His two young companions laughed scornfully. Then one of them--the younger--said that he too if wealthy would buy the house, as he had not seen another so well suited for the life he would like to live. A life spent with books! He would send to Europe for all the books he desired to read and would fill the house with them; and he would spend his days in the house or in the shade of the trees, reading every day from morning to night undisturbed by traffic and politics and revolutions in the land, and by happenings all the world over.

He too was well laughed at; then the last of the three said he didn't care for either of their ideals. He liked wine best, and if he had great wealth he would buy the house and send to Europe--O not for books nor for a beautiful wife! but for wine--wines of all the choicest kinds in bottle and casks--and fill the cellars with it.

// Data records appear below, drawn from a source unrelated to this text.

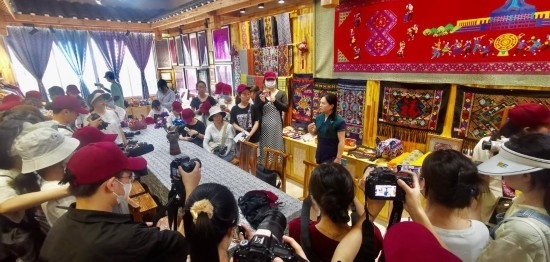 在廣西非遺形象體驗店“湘光織錦坊”的研學(xué)活動現(xiàn)場。(受訪者供圖)
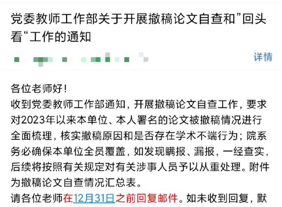 有高校学生收到的论文撤稿自查通知 受访者供图
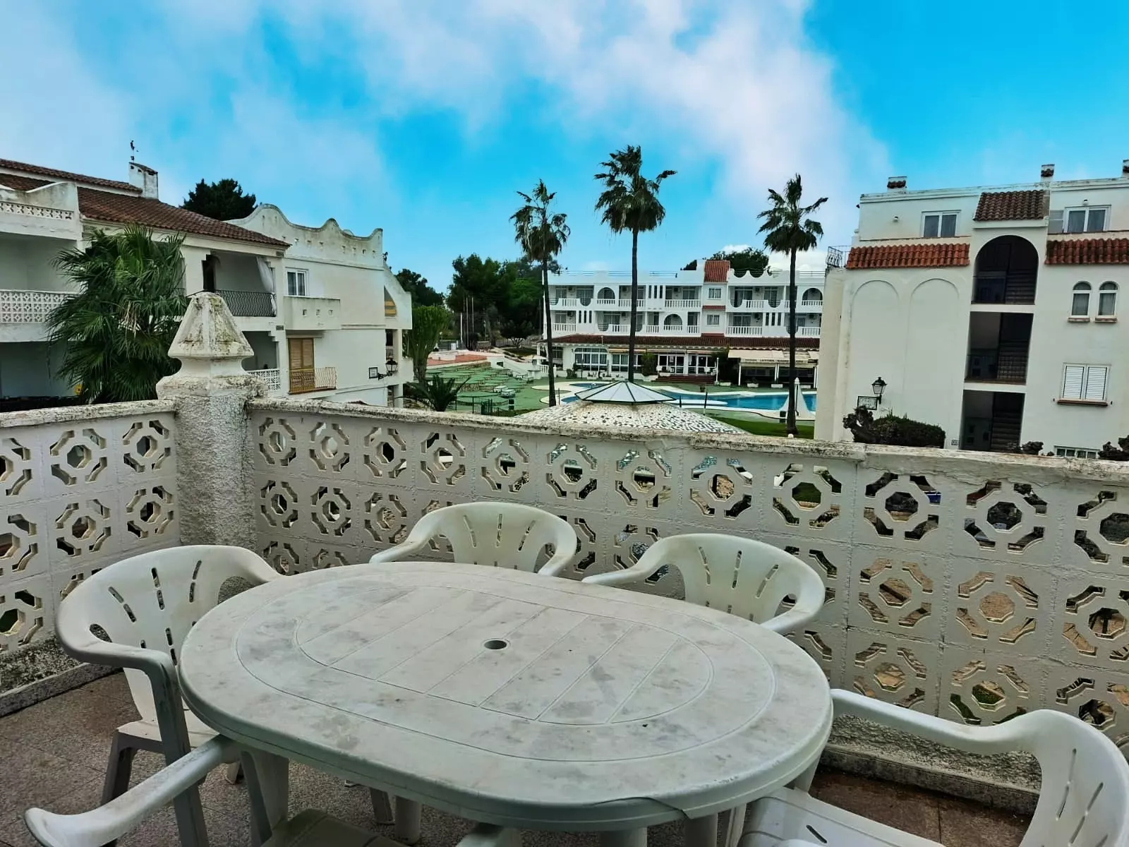 It has a terrace, internet access (Wifi), heat pump heating, air conditioning in the living room, communal swimming pool + children's pool, 1 fan, 1 television.
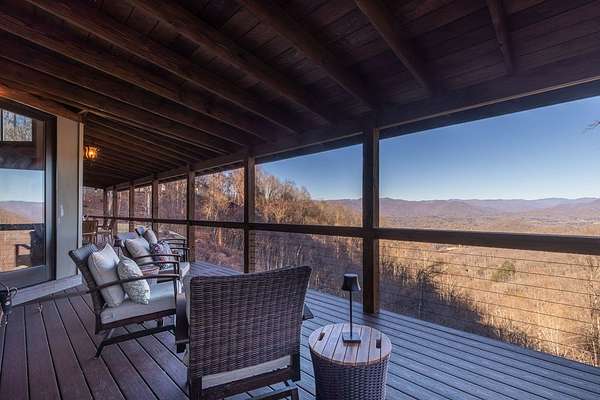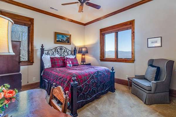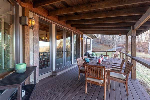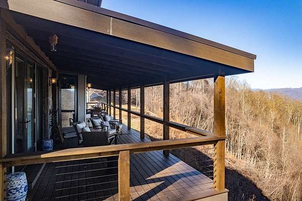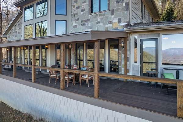 Mountain Elegance: A Private 7.43-Acre Sanctuary The Setting & Location Nestled within an exclusive gated community defined by wide, paved roads and easy access, this estate offers the ultimate in mountain privacy. Perched upon 7.43 impeccably manicured acres, the property provides a rare sense of seclusion and "elbow room" that is hard to find. Located just minutes from the Smoky Mountain Country Club, you are perfectly positioned in the regional "sweet spot" midway between Bryson City and Sylva, and just one hour west of Asheville. Refined Mountain Living The interior is a masterclass, featuring rich Brazilian cherry wood flooring, elegant tile, and premium finishes throughout. The heart of the home is the stunning kitchen and dining combo, centered around a massive granite island and custom countertops-an ideal setup for the serious home chef or the frequent entertainer. Views Without End Designed to bring the outdoors in, the home offers abundant, long-range mountain views from nearly every room. Step outside to the expansive wrap-around deck, or find shade in the attached covered - the perfect vantage point for watching the mist roll over the Smokies.
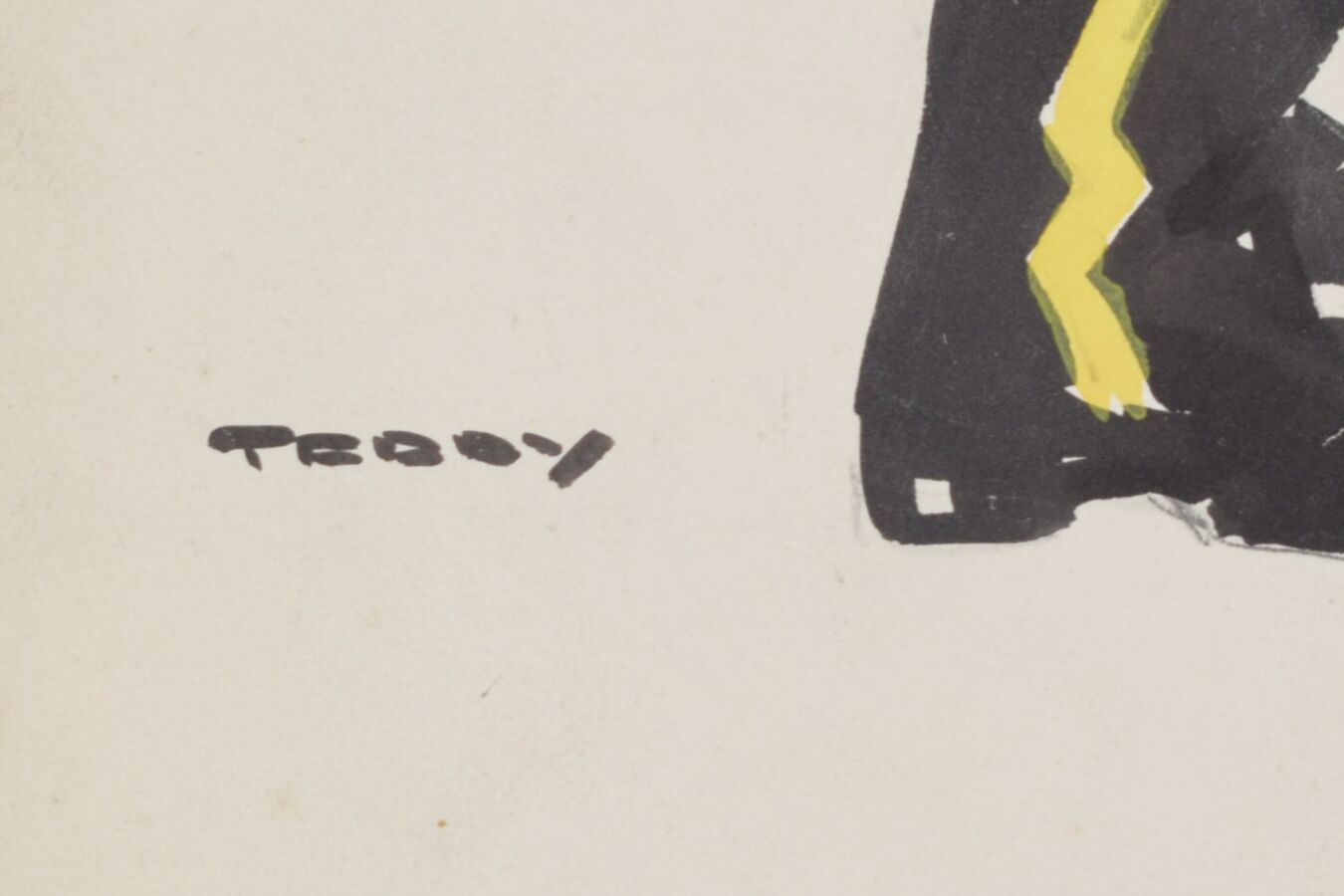 Edouard SAUNIER (1885-1918), "Dressing pour souliers", dessin, aquarelle et gouache sur papier fort, signé en bas à gauche, encadré, 42 x 32 cm.
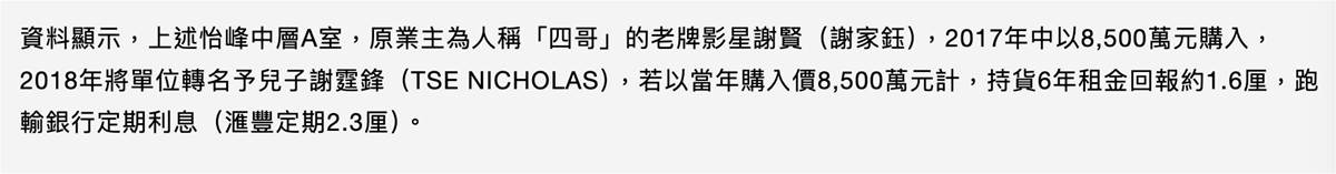 謝霆鋒自出道之後,在房產方面的投資就有不少,他還不只是為自己考慮,更是為家人考慮,其父母以及妹妹,他都有直接或是間接贈送過房產,形式上或是他買入轉贈,或是讓家人以個人名義買入,他作為背後金主支援。謝賢除了2017年持有的這套怡峰單位外,早些年在西半山幹德道金徽閣寓所也是謝霆鋒在2005年以1200萬買入的。
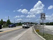 The section of present-day PA 94 south of Hanover was built in 1736 and 1737 as a wagon road connecting the Conewago Settlement (present-day Hanover) with Baltimore. This road became the Hanover branch of the Baltimore and Reisterstown Turnpike in 1805, a private turnpike that ran between Baltimore and Hanover via Reisterstown, Maryland.[6] This branch later became known as the Baltimore and Hanover Turnpike, with toll collection stopped by 1899.[6] The section of current PA 94 north of Hanover was chartered as the Hanover and Carlisle Turnpike in 1812, connecting Hanover with Carlisle.[7] These two turnpikes provided an improved trade link between the Cumberland Valley and Baltimore.[8] When routes were legislated in Pennsylvania in 1911, what is now PA 94 was designated as part of Legislative Route 190 between the Maryland border and Hanover.[9] PA 94 was designated in 1928 to run from MD 30 at the Maryland border southeast of Hanover north-northwest to PA 34 in Mount Holly Springs, following its current alignment. Upon designation, the entire length of the route was paved.[10][11] The portion of PA 94 in central Hanover was widened in the 1940s.[12] In the 1950s, the widened sections of the route were extended further north and south in the Hanover area.[13] In 1998, an act of the Pennsylvania General Assembly designated the entire length of PA 94 as the 94th Infantry Division Memorial Highway in honor of the 94th Infantry Division.[14] In 2020, a roundabout was constructed at the intersection with PA 394 in Hampton.[15]
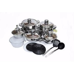 Jogo De Panelas Europeia 23 Pçs para Fogão À Indução - Top Jogo com 23 peças. Fabricação alemã com certificado de garantia mundial. As peças são em aço cirúrgico com tampa de vidro temperado, fundo em 9 camadas com revestimento cerâmico e antiaderente. Todas as tampas são equipadas com termômetro / termostato. Aço inoxidável 18/10. Relação das peças: 1 Caçarola 6,5 litros medindo 24cmX14cm com tampa de vidro temperado 1 Caçarola 3,0 litros medindo 20cmX10cm com tampa de vidro temperado 1 Caçarola 1,6 litros medindo 16cmX8cm com tampa de vidro temperado 1 Frigideira 3,05 litros medindo 24cmX6,5cm com tampa de vidro temperado 1 Panela 1,6 litros medindo 16cmX9cm com tampa de vidro temperado 1 Panela vaporizadora medindo 20cmX10cm sem tampa 1 Fritadeira medindo 18cm 1 Bacia para misturas medindo 20cmX6cm com tampa plástica 2 Suporte de panelas em bakelite 1 Conjunto de utensílios de cozinha com 6 peças em nylon 1 Botão de sucção Peso aproximado do conjunto é de 11,5Kgs. Marca: Sa, Songle, Nakazaki Ou Siga It-Blue
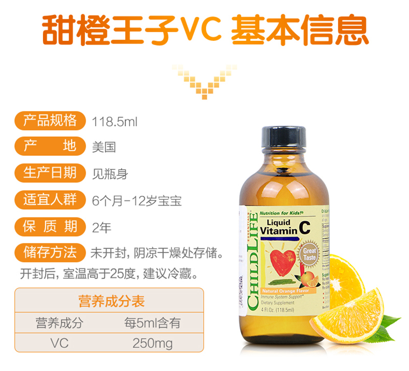 美国童年时光 维生素C营养液VC 增加宝宝抵抗力
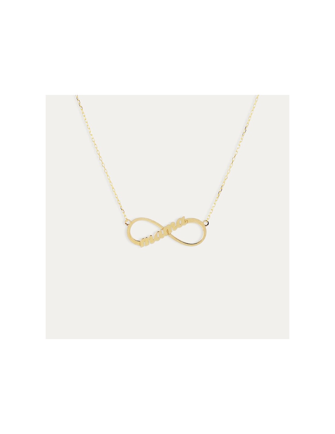 Cadena más colgante elaborado en Oro de 9 kilates con motivo de infinito y la palabra Mamá en el interior. Una pieza perfecta para el Día de la Madre.
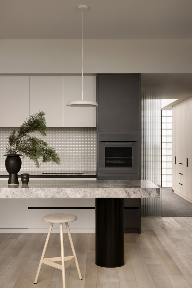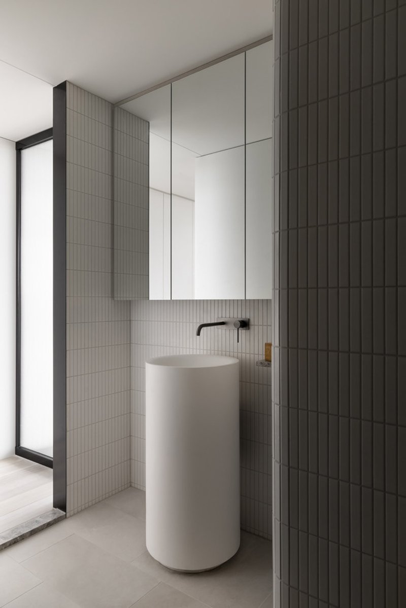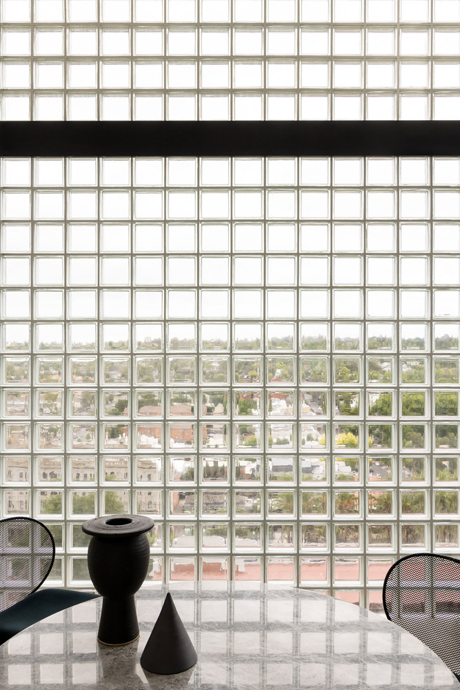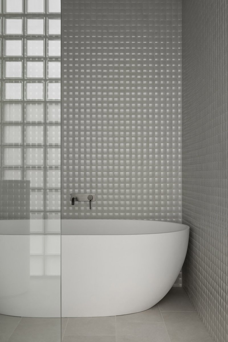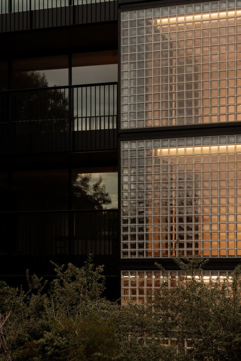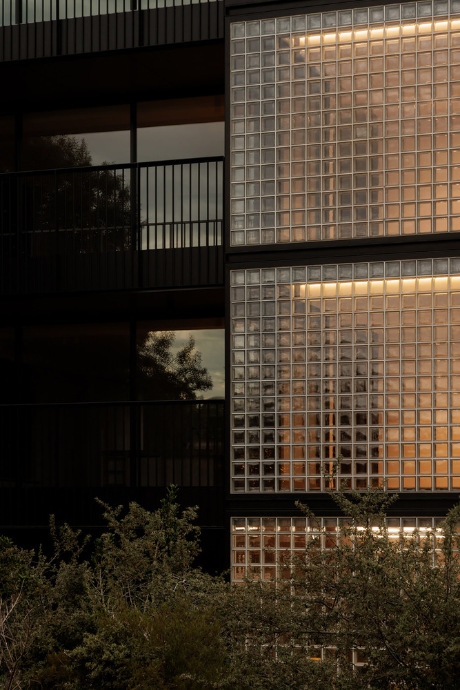 The architectural language prioritizes transparency, reflectivity, and subtle modulation of light. Glass blocks on the north and south façades work in concert with recessed operable glazing to maximize views and ventilation, while also creating ethereal light effects throughout the interior. Inside, the use of textured glass partitions and doors continues this language of permeability, transforming daylight into an atmospheric design element that animates the apartments across the day.
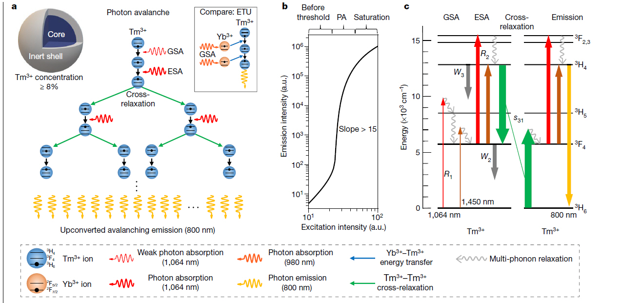'Photon avalanche(PA ; 광사태)'란 빛과 눈사태를 결합한 말로서, 눈이 점점 내려올수록 규모가 커지는 눈사태와 같이 적은 빛을 넣었을 때 그 빛이 증폭해 에너지가 더욱 커지는 현상을 말한다.

And his choice wines would bring choice spirits to help him drink them; and then in the shade of the old trees they would have their table and sit over their wine--the merriest, wittiest, wisest, most eloquent gathering in all the land.

The others in their turn laughed at him, despising his ideal, and then we set off once more.

They had not thought to put the question to me, because I was only a boy while they were grown men; but I had listened with such intense interest to that colloquy that when I recall the scene now I can see the very expressions of their sun-burnt faces and listen to the very sound of their speech and laughter. For they were all intimately known to me and I knew they were telling openly just what their several notions of a happy life were, caring nothing for the laughter of the others. I was mightily pleased that they, too, had felt the attractions of my Dovecot House as a place where a man, whatsoever his individual taste, might find a happy abiding-place.